The basis of this thesis is a fundamental belief in capitalism as the best way of ordering economic relations in human society. I also believe that free market capitalism is the economic corollary of free liberal democracy in the political sphere. There will be those who will disagree vehemently, but we have to work within the existing global socio-economic parameters, which are capitalist. We cannot say, “Stop the world, I want to get off.”
Since I penned the article referred to above, the balance between labour and capital has shifted exponentially in favour of capital. What has emerged is a kind of predatory capitalism that has sought to exploit labour in no uncertain terms. Even in the midst of a persistent slowdown, the Economist opines that: “American corporate profits seem to have defied gravity.” Analysts are forecasting that companies in the S&P 500 will achieve a further 10.9 per cent growth in earnings per share in 2014.
According to the writer, “The most common explanation for the strength of profits is that economic power has moved in favour of capital and away from labour”. It used to be assumed by economists that the quantum of income accruing to labour, on the one hand, and to capital, on the other, was more or less fixed. However, since the 1980s, workers in most of the capitalist world have copped progressively less of the proceeds of economic growth. Productivity gains no longer translate into broad pay increases for workers. One of the defining characteristics of the United States economy today and for some time has been wage stagnation. In 2014 the average minimum wage in real terms is still what it was in 1964.   
One corollary of this is the decline in the numerical strength and bargaining power of trade unions. Part of the fall-off in union enrolment is a consequence of the diminished role of manufacturing in the economy of many Western states. Manufacturing, heavy industry, used to be the base of union membership.
In the 1960s manufacturing was the engine of Britain’s economic growth, constituting one-third of the economy and employing some six and a half million people. In 2011 it was just one-tenth and employed a mere two million. In Canada Jerry Dias of the Canadian Autoworkers Union (CAW) noted that in the last ten years his union had lost about 600 000 jobs. 
The diminished power of labour in many Western countries has been caused by a number of factors. Firstly, there are the perverse effects of the myth of globalization and trade liberalization, in particular the outsourcing of labour to cheap foreign sources. Foxconn’s China plant churns out a number of electronic devices for Apple and other brands, employing some 1.5 million persons in China. While the returns accruing to capital has increased, American labour has captured less of the proceeds of that growth.
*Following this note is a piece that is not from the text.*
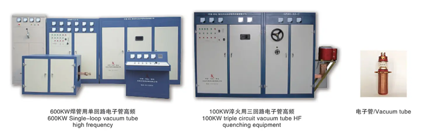အောက်ပါဓာတ်ပုံများသည် 600KW single-loop vacuum tube high frequency နှင့် 100KW triple circuit vacuum tube HF quenching equipment တို့ဖြစ်သည်။

An American firm recently threatened that if its US workers insisted on unionization, it would move its operations to Mexico.
Secondly, there is the effect of mass migration, which tends to reduce wages for the lowest paid workers. Technology also accounts for the decline in labour. The Organisation for Economic Cooperation and Development estimates that technology accounts for roughly 80 per cent of the drop in the labour share among its members. That situation may very well get worse as robotics becomes more in evidence. Foxconn is expected to add some one million robots to its factories in 2014.
Thirdly, there is the simple fact of capitalist greed that is flagrantly exploitative of workers. Historically, there has always been an element of greed in capitalism. If “Greed is good”, then anything is possible. Child labour in the mines in Victorian England; sweat shops in early industrial America. Unsafe textile plants in Bangladesh or Duke Energy’s contamination of the ground water system in North Carolina to save money and increase profits from coal production.
Historically, labour unions have been one of the key factors in legitimising liberal democracy based on the capitalist mode of production. In forcing capital to recognise its social responsibilities, unionisation mollified the more exploitative aspects of capital by affording some degree of socio-economic equity-fairness and social mobility. If trade unions are permanently weakened and labour’s share of economic growth continues to decline, this could undermine the moral legitimacy of liberal democracy, which I believe most of us cherish.    
Ralph Jemmott is a retired educator and social commentator; email [email protected]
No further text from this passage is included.